# [SOLVED] Word 2007 page numbering problem



## icp (Jan 16, 2009)

I'm using Window Vista Home and Word 2007.

i'm working in a document that is 74 pages long, I inserted page numbers for my document, all the page numbers appeared but 2 pages had no page numbering moreover they weren't printed!

any help pls?

Thanks a lot in advance.


----------



## gistek (May 8, 2007)

*Re: Word 2007 page numbering problem*

It sounds like there is a section break that has some formatting errors.

Turn on the hidden characters (backwards P in paragraph formatting on the Home ribbon) and check the page and page number formatting. The only reason I can think of for pages in the middle of a document not to print is they are formatted to a paper source that's not available or requires user intervention (like manual feed).

"Help > Page breaks and section breaks > Change the layout or formatting in one section of your document" has some explanations.


----------



## icp (Jan 16, 2009)

*Re: Word 2007 page numbering problem*

thanks lot

i mean the page is printed but the page number is not printed and not appear in print preview.

any help pls?


----------



## gistek (May 8, 2007)

*Re: Word 2007 page numbering problem*

Are your page numbers in the footers? If so, is there a section break?

Either way, check the formatting of your page number and make sure the color isn't set to white.

Highlight between arrows -> White just doesn't show up. <-


----------



## icp (Jan 16, 2009)

*Re: Word 2007 page numbering problem*

yes my pages numbers are in the footer.
and i set the document to have no page number in the first page.

oh i understand ! 

i found that I have 3 section so there is 2 pages taht don't have page number, because i set the document to have no page number in the first page.

but How can I remove the sections?
are they inserted automatically?

thanks alot


----------



## gistek (May 8, 2007)

*Re: Word 2007 page numbering problem*

You can highlight and delete section breaks when you are in draft mode (the backward "P" symbol).

You might need to reformat some of your document after you remove the section breaks.

Section breaks are inserted by several different page formatting commands. If you change the number of columns, section breaks will be added at the beginning and end of the change.

You can get more information in Word Help, use "section break" as the search term.


----------



## icp (Jan 16, 2009)

*Re: Word 2007 page numbering problem*

I solve it!

I have different page orientation :
portrait then landscape then portrait SO I had 3 sections.

*the page numbering was set to have no page number in the first page, so the numbering starts from number 2 in the second page.*(this is what I want for the first section)

SO, section 2 & 3 automatically take the settings of section 1.

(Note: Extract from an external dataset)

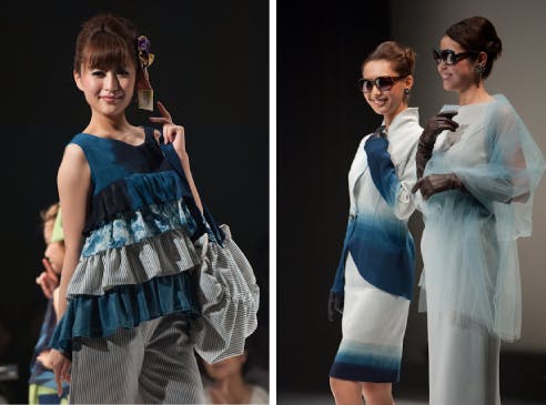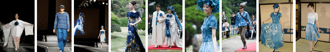 2009年からは「徳島コレクション」も阿波藍一色になりたくさんの人たちに魅力を発信しました。「国文祭」にも参加させていただき、初めての県外では京都の町家で、地元では西日本経済同友会大会・四弁連定期大会・徳島新聞女性クラブ等企業や新聞社のイベントにも参加しました。若い人たちに知ってもらおうと、モデルレッスンに通う子供たちが協力して藍染を広めるためボランティアでいろんなイベントに参加しました。

- in the first page of landscape section there is NO page number BECAUSE of *
- in the first page of the second portrait section there is NO page number BECAUSE of *

TO display these missing numbers:
go to the page that has the missing numbering(the first page in section 2&3):
insert -footer - Edit footer - in the Header&Footer Tools- in Design tab - uncheck Different First Page.


----------